Partridge Creek, also owned by Starwood, secures $725 million in CMBS debt along with three other malls. Starwood owes $681.6 million on that loan. It is also in receivership and under new management.

A recovery

On average between August 2005 and January, the Detroit MSA accounted for 1.16 percent of the national commercial foreclosure filings, according to ATTOM data: 5,157 out of 443,460. On average, Detroit commercial foreclosures account for less than 1 percent of all monthly filings nationwide.

But during the Great Recession, there were months when the region accounted for more than 3 percent of the commercial mortgage foreclosure filings in the U.S.: In May 2007, the Detroit MSA accounted for 3.67 percent, or 73 of the 1,989 filed; in February 2012, it was 3.26 percent, or 133 of the 4,083 filed.

Commercial foreclosures peaked nationwide in July 2010, when there were 5,245, according to ATTOM data, and in general, embarked on a downward trend thereafter. In the two years leading up to the pandemic, the U.S. generally had between 1,100 and 1,600 commercial foreclosures a month.

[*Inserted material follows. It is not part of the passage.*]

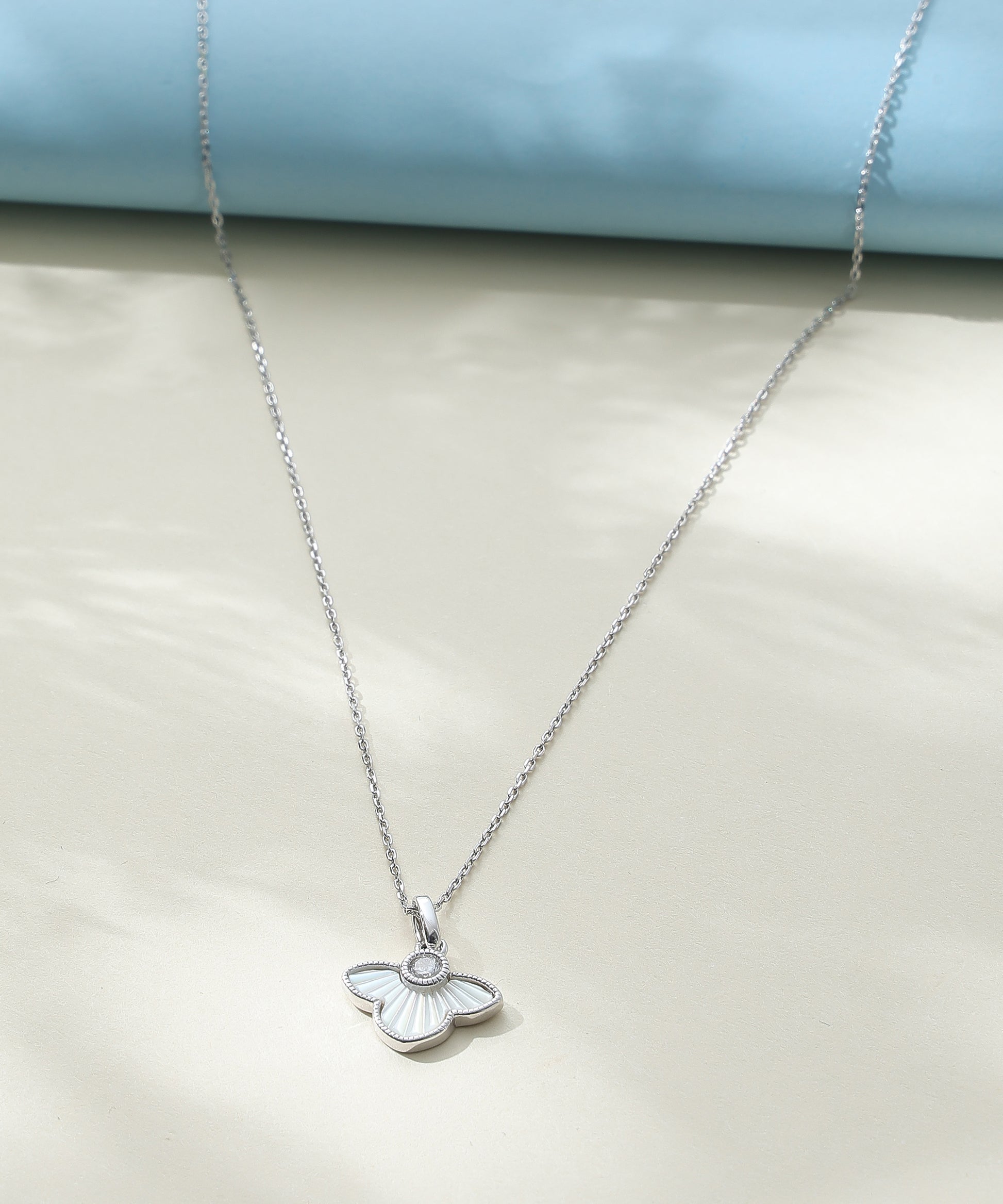 Crafted in 925 sterling silver with rhodium plating, this necklace features a soft white petal design inlaid with mother of pearl and accented with a zircon center. A delicate women’s necklace that reflects timeless beauty and effortless charm.

But in the two years since it started, there have been only two months when there have been more than 1,000: March 2020, when there were 1,442, and June 2020, when there were 1,160.

“I’m probably as surprised as you are that we haven’t seen at least a little more commercial foreclosure activity,” Sharga said in an interview Friday. “But the commercial market since we exited the Great Recession has continued to be remarkably strong. We’ve continued to see sort of a decade-long trend in commercial foreclosure activity getting smaller and smaller across the country.”

Sharga said other types of workouts on commercial debt have been more prominent rather than the lender simply taking the property back. In addition, there is a lot of liquidity in the market and buyers are ready to scoop distressed assets up at below-market value, Sharga said.

“Property values have gone up so much over the last few years and investors will take a look at that as an opportunity to buy below market value with the notion that we’re through the worst of the pandemic and things will only get better from here,” Sharga said.

What is to come?

Perhaps the biggest unanswered question remains the fate of the region’s office market — and the commercial debt that finances it.

With a wave of office leases — generally 10 years — inked in 2012-2015 as the region’s economy improved, those leases expiring in the next couple of years will test the market: Will those tenants, after years of hybrid working or working from home during the pandemic, reduce their footprints? Will the impact of COVID-19 on company work habits have largely dissipated, with firms going back to some semblance of normalcy?

“I don’t believe we’ve seen the final fallout of the pandemic in the office market because of … the long-term leases that are in effect,” Sharga said. “Tenants (are currently) continuing to make those payments, even if they’re not fully utilizing the office space. The other way of looking at that, though, is if there is another two to three years, four to five years on that lease, very likely we will have gone through this cycle and be back to something approaching more normal activity.”

In addition, maturing loans that come due next year through 2026 may be of concern in some asset classes that have been slower to recover, such as hospitality and office space, some experts have said.